- [WHAT YOU HAVE TO DO] What is needed is an exact copy of the records, with the images left out.

- [ENTRIES PROVIDED]
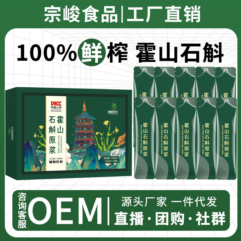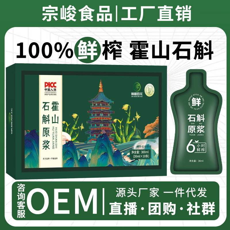 霍山石斛原浆饮料五年枫斗鲜榨铁皮石斛厂家直销现货秒发定制包装
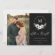 Tudo é um script de assinatura Bright. Flor branco de cor aquática de inverno, galhos de pinheiros e moldura de monograma de pinos hoop, cartão de festas. Coordenando fundo preto.
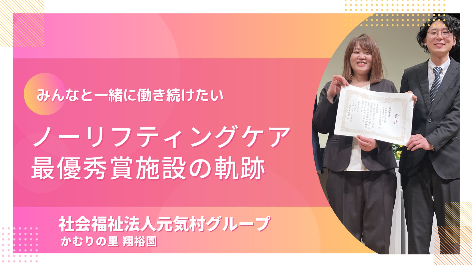 社会福祉法人元気村グループ(本社:埼玉県さいたま市、代表:神成 裕介)が運営する高齢者福祉・障害福祉サービス事業所「翔裕園」。そのグループ内施設の一つである「かむりの里翔裕園 (宮城県仙台市)」にて、介護職員の腰痛対策としてノーリフティングケアの浸透を進め、働きやすさの向上とケアの質向上に成功した。2023年11月2日に行われた、一般社団法人 全国ノーリフティング推進協会主催の『第9回全国大会in埼玉』では、最優秀賞を受賞するなど、その取組みの質も評価された。職員の年代変化に伴い、推進の中心となる職員が福祉用具の必要性を訴え、施設内研修を行い全体の理解を深めた。浸透を進めていくにあたり、ご利用者一人ひとりに合わせたケアの統一を図る事で、自立支援やケアの質向上にも繋がり、2023年度現在の離職率は常勤・非常勤合わせて1.3% (退職者1名)を実現した。
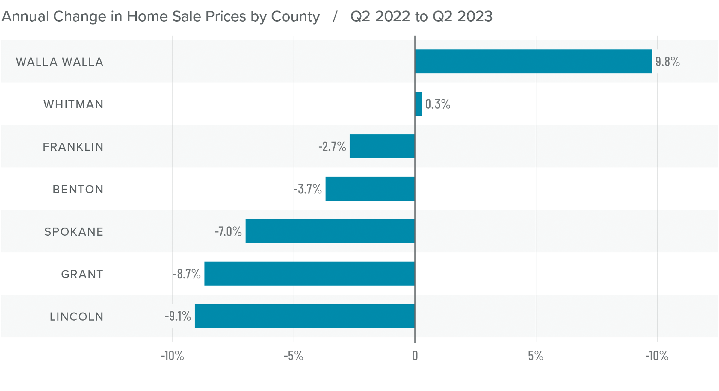 ❱ Every county except Walla Walla and Whitman saw average sale prices fall compared to the second quarter of 2022. This decline was modest and not surprising given that prices peaked in the second quarter of last year when mortgage rates started to rise.
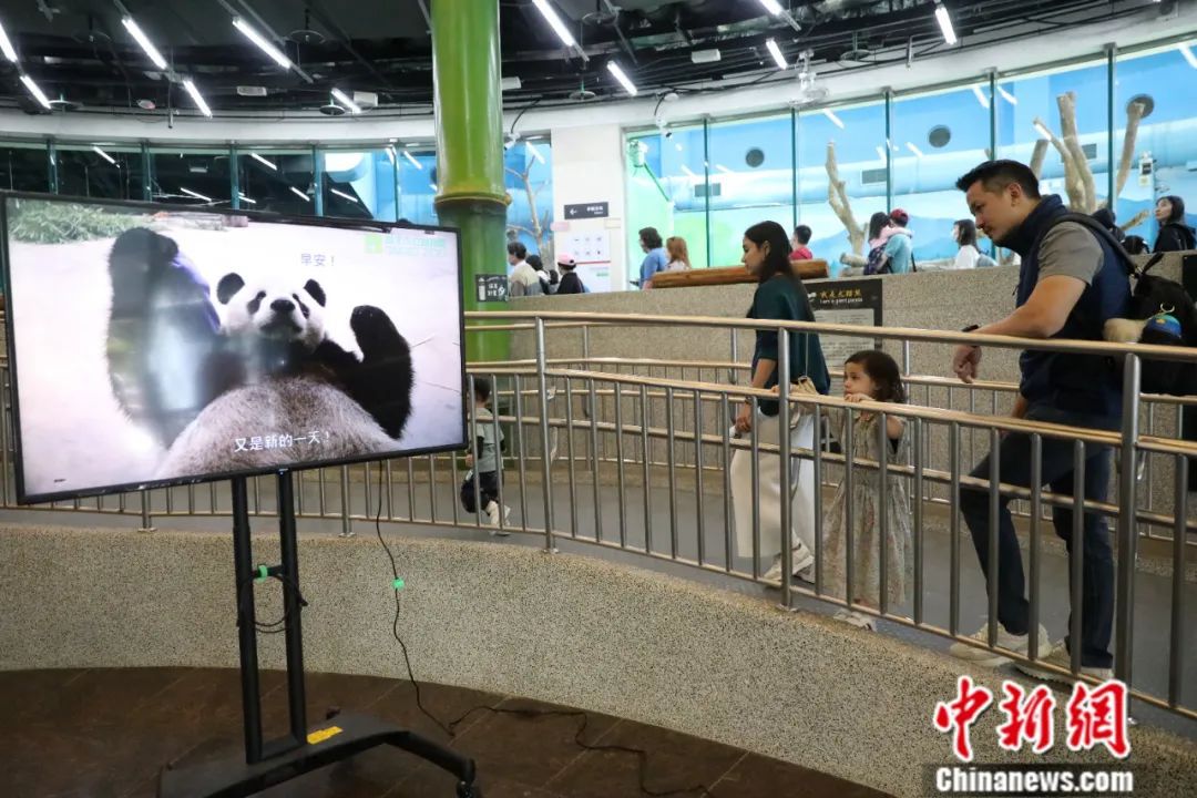 11月19日,民眾來到臺北動物園緬懷“團團”。圖為現(xiàn)場播放“團團”一家回顧影片。中新社記者 陳小愿 攝
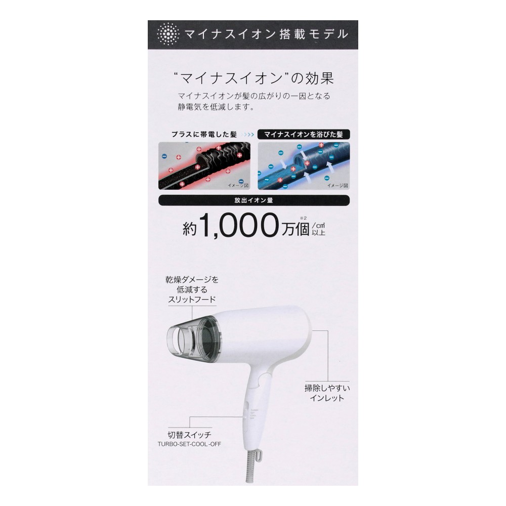 ●マイナスイオンが髪の広がりの一因となる静電気を低減します。
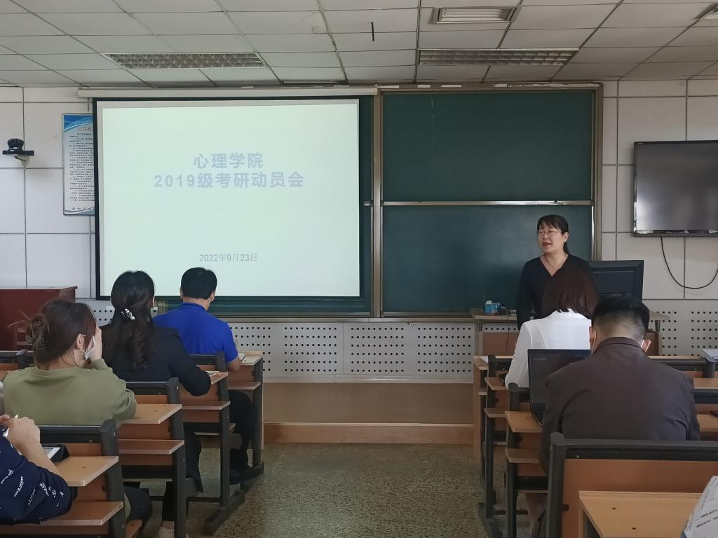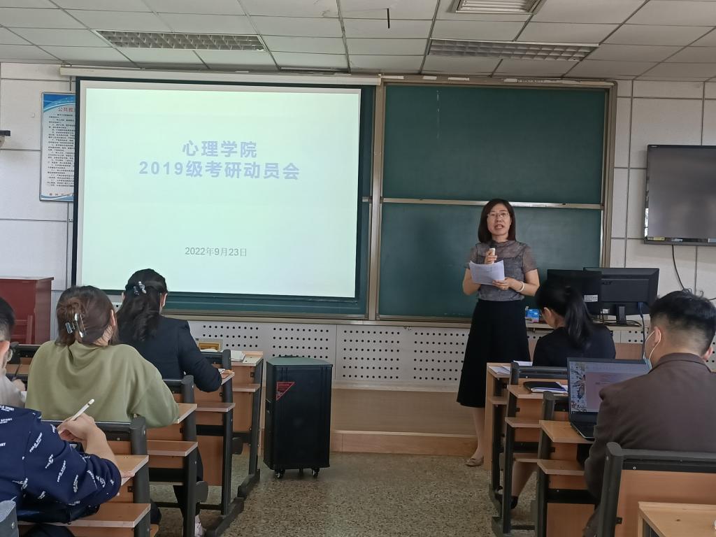 2019级考研动员会在院楼415室顺利召开。出席本次会议的有院长何文广,副院长李海青、王晓明,副教授刘春雷、杨庆,辅导员薛翠、贺现网以及2019级全体学生。会议由副院长李海青主持。

- [YOUR RESPONSE]
 霍山石斛原浆饮料五年枫斗鲜榨铁皮石斛厂家直销现货秒发定制包装
 Tudo é um script de assinatura Bright. Flor branco de cor aquática de inverno, galhos de pinheiros e moldura de monograma de pinos hoop, cartão de festas. Coordenando fundo preto.
 社会福祉法人元気村グループ(本社:埼玉県さいたま市、代表:神成 裕介)が運営する高齢者福祉・障害福祉サービス事業所「翔裕園」。そのグループ内施設の一つである「かむりの里翔裕園 (宮城県仙台市)」にて、介護職員の腰痛対策としてノーリフティングケアの浸透を進め、働きやすさの向上とケアの質向上に成功した。2023年11月2日に行われた、一般社団法人 全国ノーリフティング推進協会主催の『第9回全国大会in埼玉』では、最優秀賞を受賞するなど、その取組みの質も評価された。職員の年代変化に伴い、推進の中心となる職員が福祉用具の必要性を訴え、施設内研修を行い全体の理解を深めた。浸透を進めていくにあたり、ご利用者一人ひとりに合わせたケアの統一を図る事で、自立支援やケアの質向上にも繋がり、2023年度現在の離職率は常勤・非常勤合わせて1.3% (退職者1名)を実現した。
 ❱ Every county except Walla Walla and Whitman saw average sale prices fall compared to the second quarter of 2022. This decline was modest and not surprising given that prices peaked in the second quarter of last year when mortgage rates started to rise.
 11月19日,民眾來到臺北動物園緬懷“團團”。圖為現(xiàn)場播放“團團”一家回顧影片。中新社記者 陳小愿 攝
 ●マイナスイオンが髪の広がりの一因となる静電気を低減します。
 2019级考研动员会在院楼415室顺利召开。出席本次会议的有院长何文广,副院长李海青、王晓明,副教授刘春雷、杨庆,辅导员薛翠、贺现网以及2019级全体学生。会议由副院长李海青主持。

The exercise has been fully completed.